Als "Wiedergänger" im Literatur Hotel (konzipiert von Stefan Schmitzer) treffen am Dienstag, 10. Dezember 2024 um 19 Uhr, Raphaela Edelbauer und Lucas Cejpek im KULTUM aufeinander. Im Fokus stehen die aktuellen Werke der beiden, die in unterschiedlichen literarischen Genres angesiedelt sind.
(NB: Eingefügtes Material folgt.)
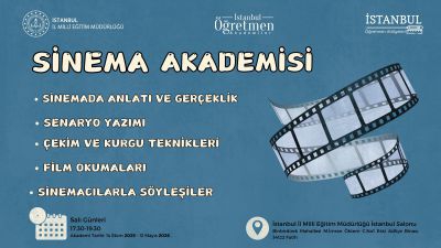 Görsel dilin inceliklerini kavramak, görsel okuryazarlık becerileri kazanmak, sinema literatürüne ve film diline aşinalık sağlamak, böylece birer eğitim profesyoneli olan öğretmenlerimizin kişisel ve mesleki becerilerine sinemanın imkanlarını kullanarak katkı sunmak amacıyla düzenlenen sinema akademimiz; faaliyetlerine devam ediyor.

Während sich Edelbauers „Routinen des Vergessens“ (Cotta 2024) auf poetische Weise all dem zuwendet, was die Lesenden nicht zu Gesicht bekommen und damit einen Zwischenraum ausleuchtet, behandelt Cejpek in „Du siehst Gespenster und nichts in der Minibar“ (Sonderzahl 2024) in Form einer kulturwissenschaftlichen Recherche, die in eine fiktive Geschichte eingebettet ist. Stefan Schmitzer wird in das Werk der beiden einführen.
Im Namen von Barbara Rauchenberger und Stefan Schmitzer lade ich Sie/Dich herzlich zu diesem Literatur-Hotel-Abend ein!
Ein schönes zweites Adventwochenende,
Ihr
Johannes Rauchenberger
Raphaela Edelbauer, *1990, hat inzwischen zwei Poetiken und drei höchst erfolgreiche Romane geschrieben. Zuletzt war sie mit „Die Inkomensurablen“ 2023 auf der Longlist des deutschen Buchpreises.
Lucas Cejpek, *1956, arbeitet als Autor, Herausgeber und Regisseur, und ist besonders bekannt als Verfasser zahlreicher Hörspiele und Kunstradiostücke.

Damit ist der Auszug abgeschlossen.